Charlie Dooley, the incumbent, was defeated by his challenger, Steve Stenger, in the Democratic Party primary. The highlighted candidates will face each other in the general election.
Kirkwood, an upscale suburb of St. Louis, is not Tea Party territory. Most of the local Republicans would be offended to be represented by a class clown like Ed Martin. They’d prefer instead to have a class act, and they figure that their Republican rep, Rick Stream, is that. He showed tact and a gentle sense of humor when he opened the recent candidate forum with his opponent, Deb Lavender, with a compliment:
As Deb mentioned, she is a physical therapist, and several of my supporters have gone to her for help. And they say she’s good. So, one of my goals in winning this election is to keep Deb here a hundred percent of the time, so that she can continue to provide services to people who need them.
What a nice fella.
And reasonable, too. Someone not knowledgeable about the issues could have listened to the two of them at the forum and come away believing that their differences were not huge. ‘They’re both nice people with our interests at heart, I guess,’ this uninformed listener would think. ‘Stream says that he’s concerned about job growth. So does Lavender. No big difference there. And Stream agrees with Lavender that green jobs are a good thing–as long as those businesses pursue growth without depending on our limited government resources. That sounds reasonable.’
The Kirkwood state rep is, on the surface, pleasant and moderate, no nutcase like Ed Martin. After all, how threatening does tort reform sound or the idea of letting insurance companies operate across state lines? Our imaginary average Joe would be puzzled to be told that those are red herrings, not solutions.

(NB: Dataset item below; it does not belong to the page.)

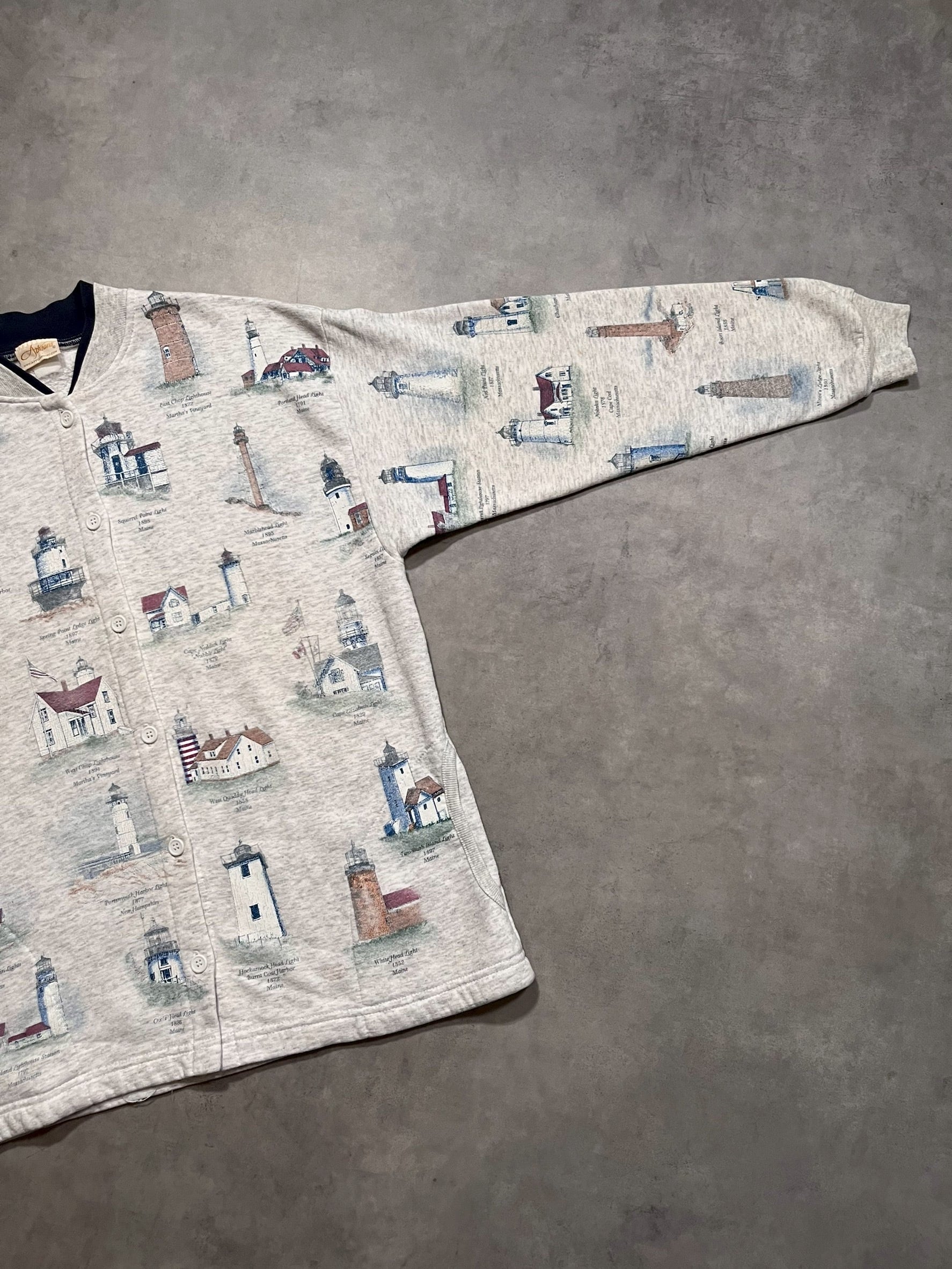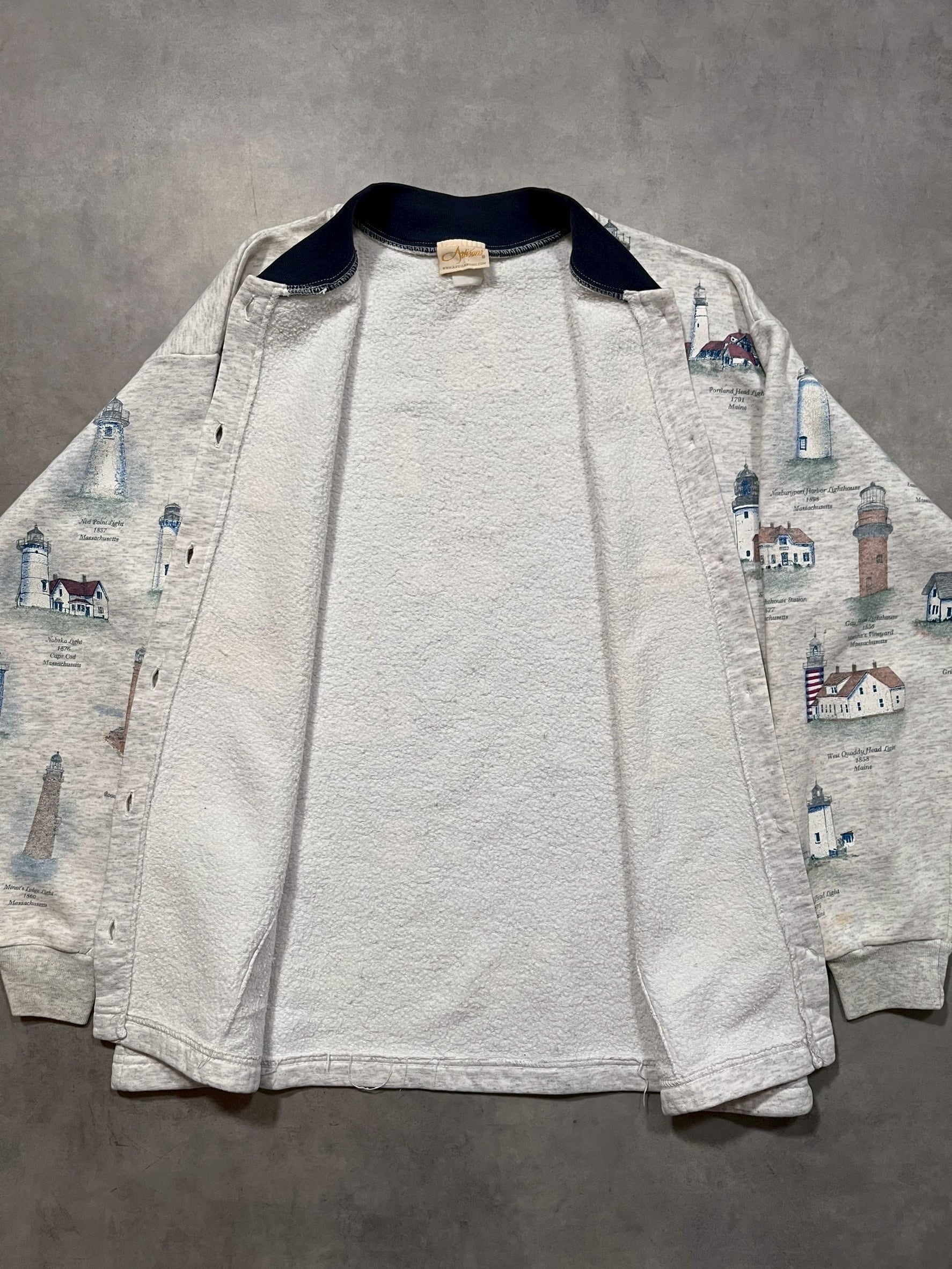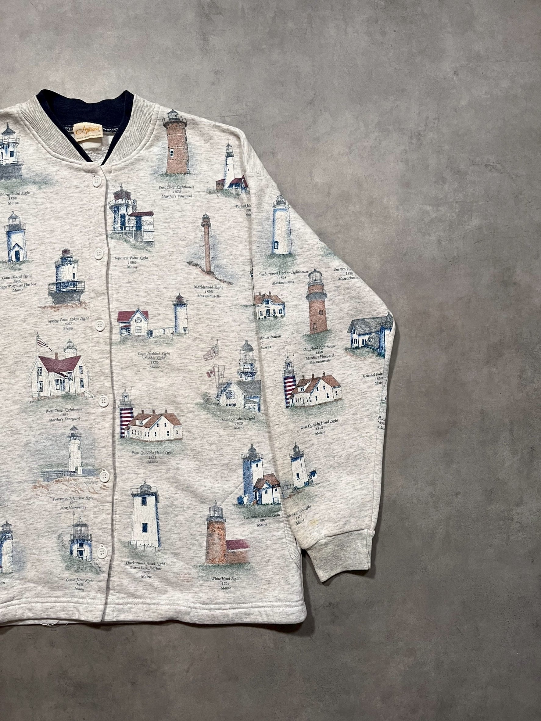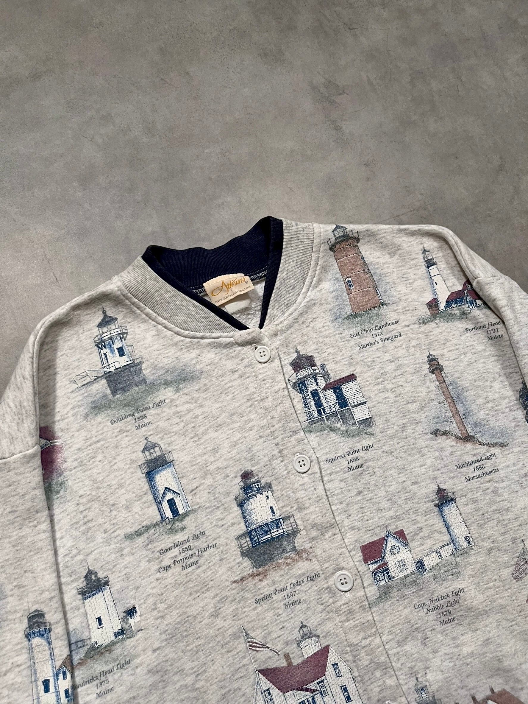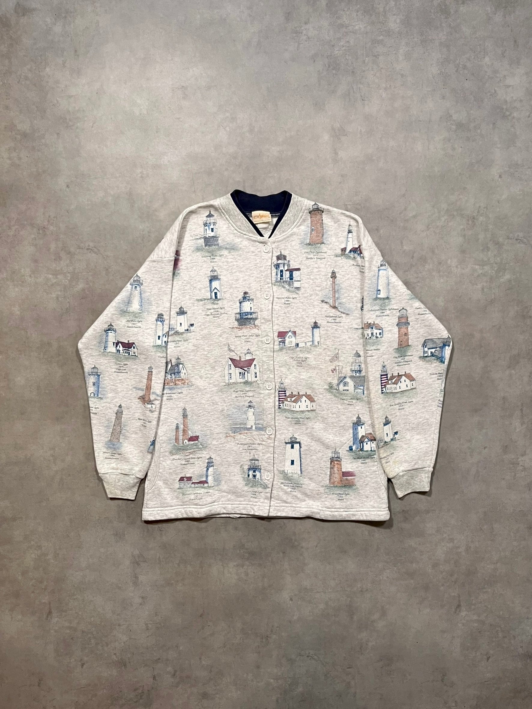 90’s “Artisans” Light Houses Pattern Sweat Cardigan

Nor would Joe understand that Stream’s scientific sounding phrase, “market driven health care reform”, means, loosely translated, ‘let the insurance companies ride roughshod over us and drag the economy down with exorbitant premiums.’
But Joe, did you notice that Stream claimed that insurance companies make “very low” profits compared to corporations in other industries? Did you notice that many in the audience gasped and then laughed? That’s because they understand how greedy those health insurance companies are. Deb Lavender, on the other hand, said that insurance companies make the second highest profits, next to oil companies, of any industry in the country.
Here’s the bottom line about that exchange: Stream gives big business a pass. Lavender cares about what big business is doing to people.
In fact, as reasonable as Stream can make himself sound, he is worse than just a defender of corporate malfeasance; he is cold. Oh yes, sure, I heard him say Tuesday night that after we pay for education:
We need to take care of those that can’t help themselves–the mentally ill, the handicapped, the very very poor, mothers with young children–those are the people we should take care of first, and then work our way up the scale.
The Missouri Hospital Association is willing–nay, wanting–to give the state more than fourteen million dollars ($14,150,000 to be precise) to be used for health care for Missourians making less than half the poverty wage. That investment would bring in another $91.7 million in federal dollars–almost $104 million altogether. But the Republicans oppose giveaways to those church mice.
Although Stream doesn’t protect the poor, he does well at protecting his political career, even if that means being unscrupulous:
Stream is respected in his home town as a man of integrity. But he has allied himself with Jetton by hiring the Rodfather as a political consultant. Until Jetton hit the skids this year, he was at the center of dealings that worked like this: Jetton had most of the Republican leadership signed up as clients of his political consulting firm, Common Sense Conservative Consulting (CCC). That way, when supporters of an issue brought a bill forward, it would be defeated. But then those supporters would be encouraged to make sizable campaign contributions to the right Republicans (aka, Jetton clients) and bingo, the next year, that issue would pass.
It was pure sleaze. And anyone who wanted to be part of the inner circle in the House was expected to sign on. Stream signed on.
Lavender, on the other hand, promised Tuesday night to take no gifts, no meals, and no trips from lobbyists.
So, Mr. Average Joe, let me just point out that your supposedly even handed, high minded state rep wanted no cheese for those church mice, but he was knee deep in cheesy deals to help himself. I don’t care how gentlemanlike he appears. Actions speak louder than words.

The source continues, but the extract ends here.